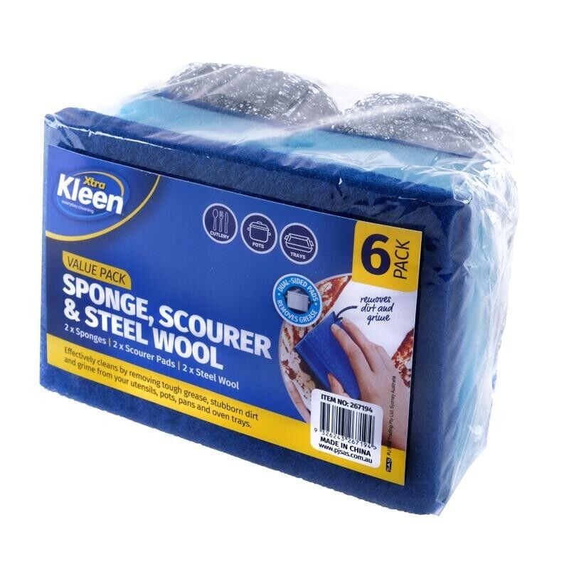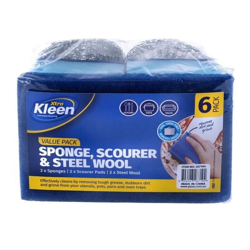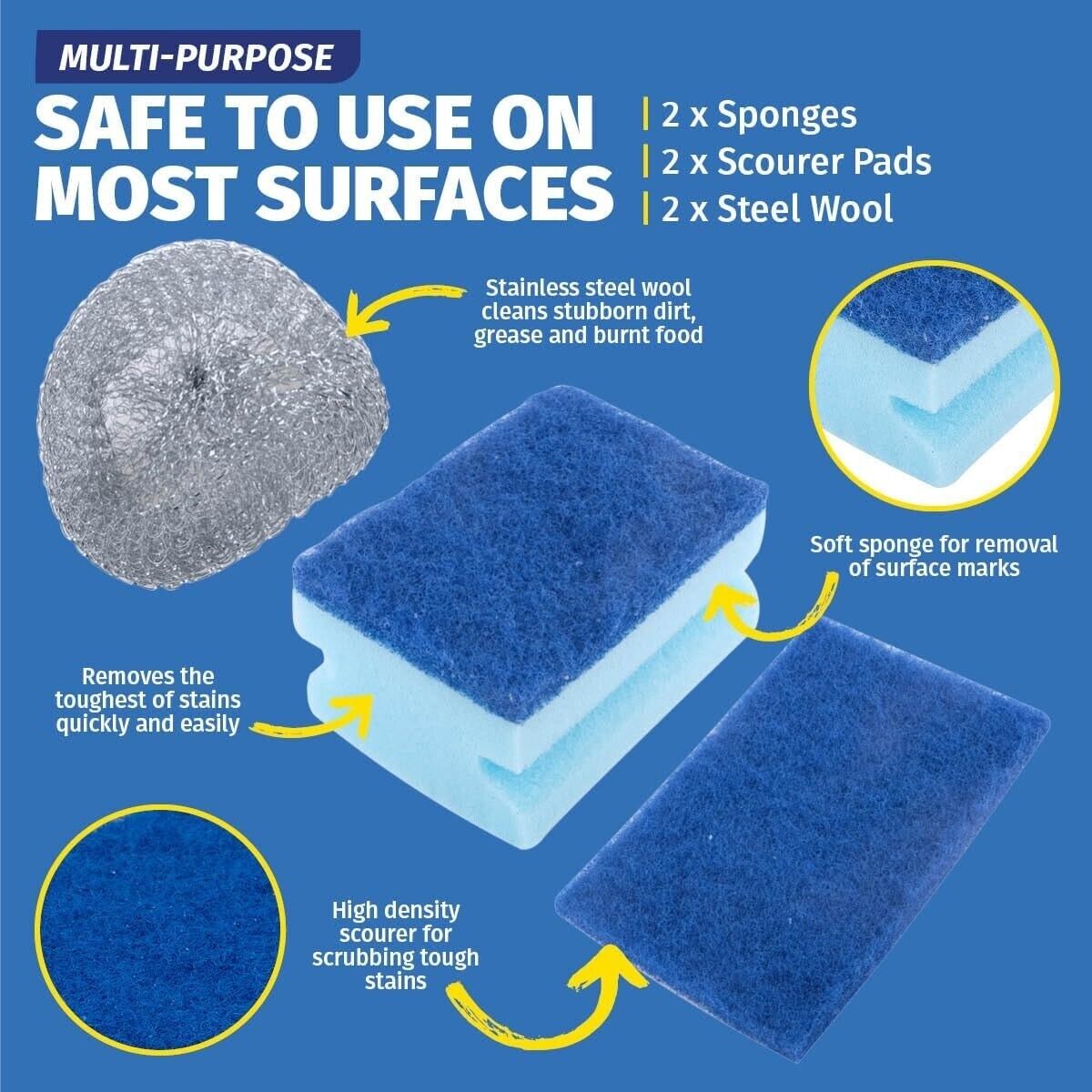 - Value Pack: 2x Sponges, 2x Scourer Pads, 2x Steel Wool
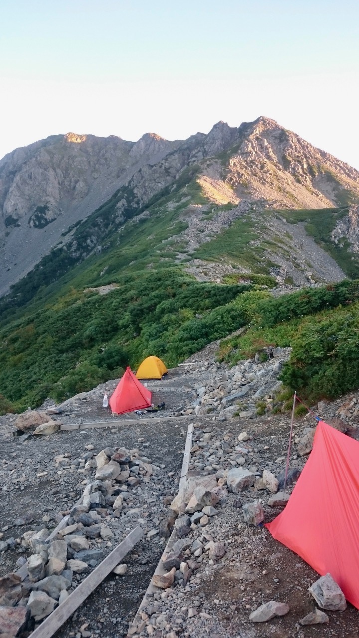 この日のテン場は3張りのみ。ストックシェルターの方と話したり、随分下にある水場に行ったりしつつ、のんびり過ごした。普通にLTE環境だった(DOCOMO)。
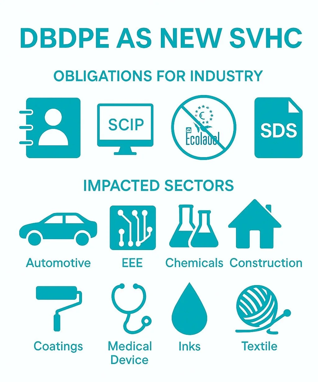 ECHA adds DBDPE (CAS 84852-53-9) to the REACH Candidate List, expanding SVHCs to 251. Companies face new EU disclosure, ECHA & SCIP notification, and labeling duties under REACH and the Waste Framework Directive. Affective sectors include automotive, electrical & electronics, chemical and consumer products, medical device, textile, and toys.

□ □ □

Aim of the task ::
Repeat, exactly and in full, all the material above except its pictures.

Reply to the task ::
 - Value Pack: 2x Sponges, 2x Scourer Pads, 2x Steel Wool
 この日のテン場は3張りのみ。ストックシェルターの方と話したり、随分下にある水場に行ったりしつつ、のんびり過ごした。普通にLTE環境だった(DOCOMO)。
 ECHA adds DBDPE (CAS 84852-53-9) to the REACH Candidate List, expanding SVHCs to 251. Companies face new EU disclosure, ECHA & SCIP notification, and labeling duties under REACH and the Waste Framework Directive. Affective sectors include automotive, electrical & electronics, chemical and consumer products, medical device, textile, and toys.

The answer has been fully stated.